# The task
Below is a listing. Write out exactly its lines between the one holding "Lunch Lady Certified" and the one holding "Group1 - 起头右键菜单中的最底层部份(桌面、关机或刊出);", inclusive.

# Supplied data
Segment Open

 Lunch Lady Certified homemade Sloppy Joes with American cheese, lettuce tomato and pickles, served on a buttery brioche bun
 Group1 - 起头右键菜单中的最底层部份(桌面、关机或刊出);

Segment Closed
Segment Open

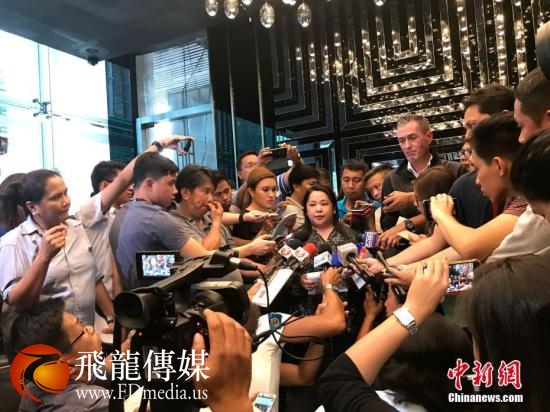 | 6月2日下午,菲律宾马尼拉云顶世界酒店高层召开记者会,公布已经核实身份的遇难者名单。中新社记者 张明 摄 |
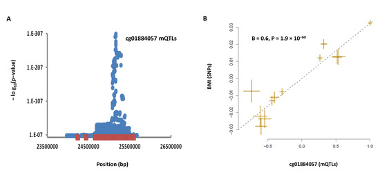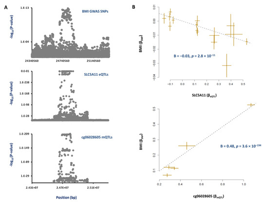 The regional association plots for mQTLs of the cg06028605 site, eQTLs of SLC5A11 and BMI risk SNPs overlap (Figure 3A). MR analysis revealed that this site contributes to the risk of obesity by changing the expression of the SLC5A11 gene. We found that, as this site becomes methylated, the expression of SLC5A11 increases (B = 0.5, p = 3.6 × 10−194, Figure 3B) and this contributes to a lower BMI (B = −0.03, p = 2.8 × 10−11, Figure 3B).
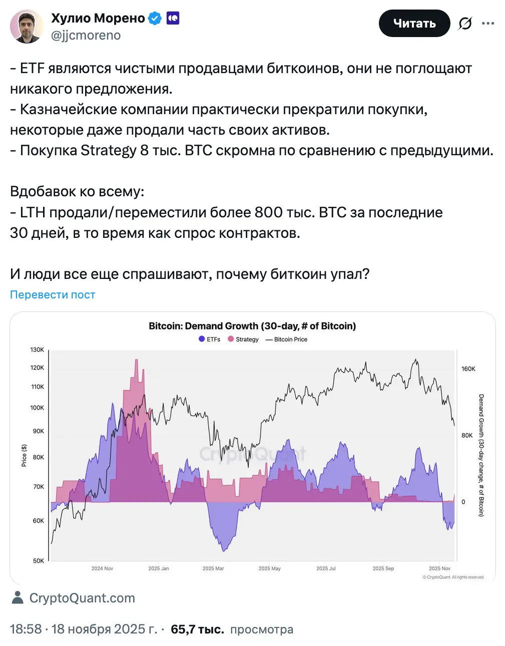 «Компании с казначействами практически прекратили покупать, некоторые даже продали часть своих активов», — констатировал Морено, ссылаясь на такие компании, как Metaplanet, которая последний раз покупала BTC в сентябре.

Segment Closed
Segment Open

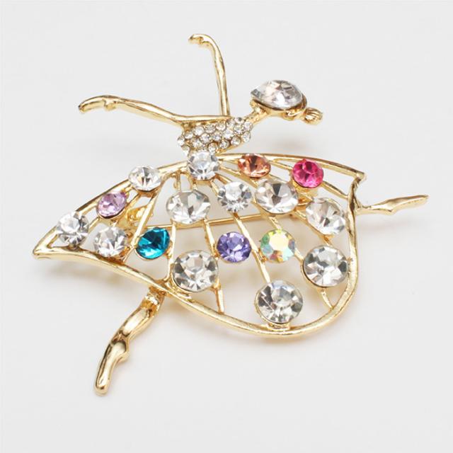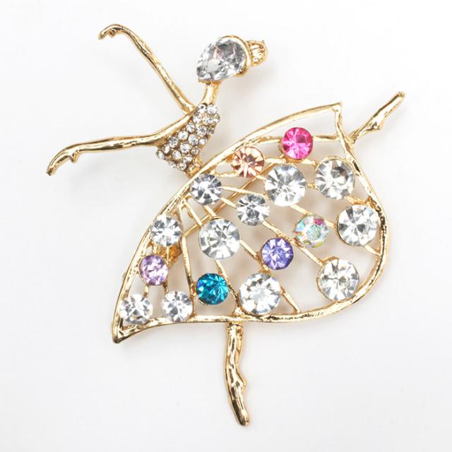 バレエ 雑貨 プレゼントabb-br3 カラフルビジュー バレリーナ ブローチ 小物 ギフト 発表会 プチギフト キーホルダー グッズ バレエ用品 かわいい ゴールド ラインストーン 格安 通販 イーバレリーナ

Segment Closed

# Answer to the exercise
 Lunch Lady Certified homemade Sloppy Joes with American cheese, lettuce tomato and pickles, served on a buttery brioche bun
 Group1 - 起头右键菜单中的最底层部份(桌面、关机或刊出);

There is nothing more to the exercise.